Supplied data START

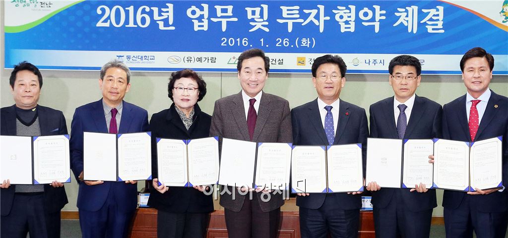 "26일 동신대 등과 투자협약…담양 새꿈도시 조성도" [아시아경제 노해섭 기자]전라남도가 26일 나주 빛가람혁신도시에 한방병원과 관광호텔을 건립하고, 담양에 새꿈도시를 조성하는 업무협약 및 투자협약을 시작으로 올해 본격적인 투자유치 활동에 나섰다. 올해 유치 목표는 275개 기업이다.전라남도는 이날 오전 도청 서재필실에서 이낙연 도지사와 강인규 나주시장, 김필식 동신대학교 총장, 2개 기업 대표가 참석한 가운데 1천 195억 원 규모의 투자협약을 체결했다. 이에 따른 고용 창출 규모는 261명이다.협약 내용은 동신대학교의 한방병원 건립 등 빛가람 캠퍼스 조성, 유한회사 예가람(대표 박경석)의 나주 혁신도시 내 관광호텔 건립, ㈜태호건설(대표 김영주)의 담양 새꿈도시 조성 등이다.협약에 따라 동신대학교는 2022년까지 광주전남공동혁신도시 산학연클러스터 1만 4천 538㎡ 부지에 450억 원을 들여 한방병원 중심의 의료 및 교육시설을 갖춘 빛가람 캠퍼스를 조성한다.빛가람 캠퍼스가 완공되면 지역 주민들에게 양질의 의료 서비스를 제공할 뿐만 아니라 혁신도시의 중요한 의료 기반시설로 자리 잡을 전망이다. 또한 빛가람 캠퍼스 조성을 계기로 한전 등 혁신도시 입주 공기업과 에너지·ICT 분야에서 산학 협력 성과가 기대된다.(유)예가람은 광주전남공동혁신도시 부지 6천312㎡에 400억 원을 투자해 300실 규모의 관광호텔을 건립한다. KTX와 무안국제공항을 통해 전남을 방문하는 국내외 관광객과 한국전력공사 등 16개 공공기관을 방문하는 손님들에게 최고급 숙박 서비스를 제공할 계획이다.㈜태호건설은 전원생활을 꿈꾸는 베이비 붐 세대 은퇴자들을 겨냥해 담양 대덕면 문학리 일원 16만 1천 200㎡에 200세대 규모의 주거시설과 의료·편의시설을 갖춘 새꿈도시를 조성한다. 2018년까지 345억 원을 투자할 예정이며 친환경 주거기능에 자립적 경제활동 프로그램을 더함으로써 은퇴도시의 새로운 모델을 제시하고 지역 경제 활성화에도 기여한다는 방침이다.이낙연 지사는 인사말을 통해 “대한민국 50년간의 번영을 이어갈 뚜렷한 활로는 에너지신산업에서 찾을 수밖에 없다”며 “나주 혁신도시는 공공기관이 들어오고 주거시설이 들어서는 1단계를 넘어 이번 투자협약을 계기로 대학 캠퍼스와 호텔, 병원이 들어서는 2단계 발전 국면에 접어들었고, 머잖아 자족도시의 면모를 갖추게 될 것”이라고 강조했다. 이어 "2015년은 이촌향도보다 이도향촌의 인구가 많았던 첫 해였던 만큼 새꿈도시 같은 전원마을 투자가 매우 유망하다”며 “투자기업의 성공이 전남의 성공이자 도지사의 성공이라 생각하고 열심히 지원하겠다”고 덧붙였다.전라남도는 올해 기능성 화학소재, 바이오·백신, 자동차 고급부품 및 튜닝, 에너지 등 비교우위 신산업 분야를 중점으로 275개 기업을 유치할 계획이다. 목표 달성을 위해 일선 시군, 출연기관, 지역 경제단체 등과 종합적인 협력체제를 구축하고 입지보조금 지원 대상 확대 등 투자기업 인센티브도 한층 강화할 방침이다.노해섭 기자 nogary@<ⓒ세계를 보는 창 경제를 보는 눈, 아시아경제(www.asiae.co.kr) 무단전재 배포금지>
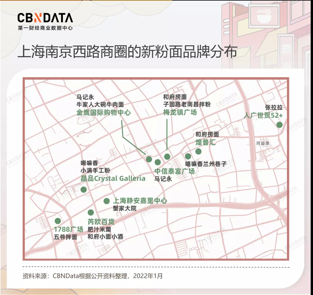 以上海南京西路商圈为例,和府捞面、马记永、五爷拌面、蟹家大院等近几年涌现的新粉面品牌,密集分布在4平方公里左右的狭长商圈内。马记永更是在相邻的金鹰国际购物中心和中信泰富广场同时布局了两家门店。值得注意的是,尽管分布密集,但极少有商场会在同一时间引进两家相同品类的粉面品牌。比如芮欧百货引进的是拉面系列的和府小面小酒,以及港式米线肥汁米蘭,梅龙镇广场选择了和府捞面,以及子固路老南昌拌粉。这样的偏好也说明了,粉面赛道未来在核心地段、商场的争夺上竞争激烈,尤其2021年集中拿到融资的兰州拉面品牌们,马记永、陈香贵、张拉拉们或会掀起一场门店抢夺战。由此衍生的哄抬租金问题,又将反过来施压新粉面品牌。
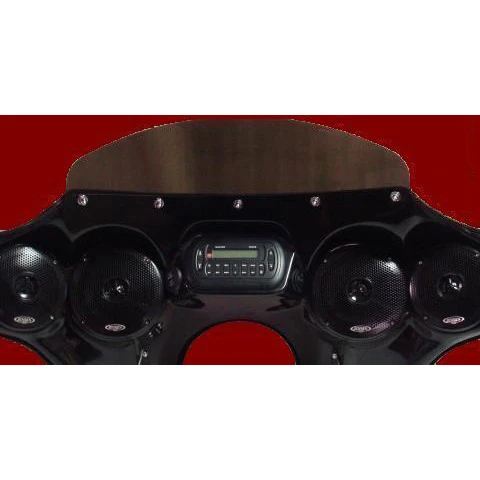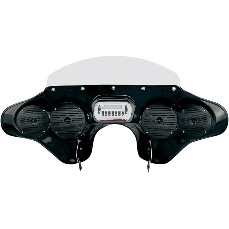 - Integrates with the OEM windshield mounting stampings, using our hardware. (2) 5″ and (2) 6″ coaxial marine speakers for great sound at any speed with any pipes!
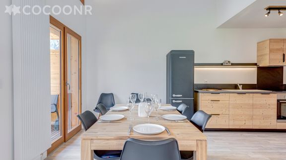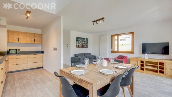 - Cuisine ouverte sur le séjour entièrement équipée avec : lave-vaisselle, four, réfrigérateur, plaques de cuisson, cafetière Senseo, appareil à raclette, vaisselle et couverts...

Supplied data END

_Required work_: Nothing but the lines from the line with "以上海南京西路商圈为例,和府" through the last line of the listing should be copied, exactly and with both ends kept. Leave pictures out.

_Reply to the task_:
 以上海南京西路商圈为例,和府捞面、马记永、五爷拌面、蟹家大院等近几年涌现的新粉面品牌,密集分布在4平方公里左右的狭长商圈内。马记永更是在相邻的金鹰国际购物中心和中信泰富广场同时布局了两家门店。值得注意的是,尽管分布密集,但极少有商场会在同一时间引进两家相同品类的粉面品牌。比如芮欧百货引进的是拉面系列的和府小面小酒,以及港式米线肥汁米蘭,梅龙镇广场选择了和府捞面,以及子固路老南昌拌粉。这样的偏好也说明了,粉面赛道未来在核心地段、商场的争夺上竞争激烈,尤其2021年集中拿到融资的兰州拉面品牌们,马记永、陈香贵、张拉拉们或会掀起一场门店抢夺战。由此衍生的哄抬租金问题,又将反过来施压新粉面品牌。
 - Integrates with the OEM windshield mounting stampings, using our hardware. (2) 5″ and (2) 6″ coaxial marine speakers for great sound at any speed with any pipes!
 - Cuisine ouverte sur le séjour entièrement équipée avec : lave-vaisselle, four, réfrigérateur, plaques de cuisson, cafetière Senseo, appareil à raclette, vaisselle et couverts...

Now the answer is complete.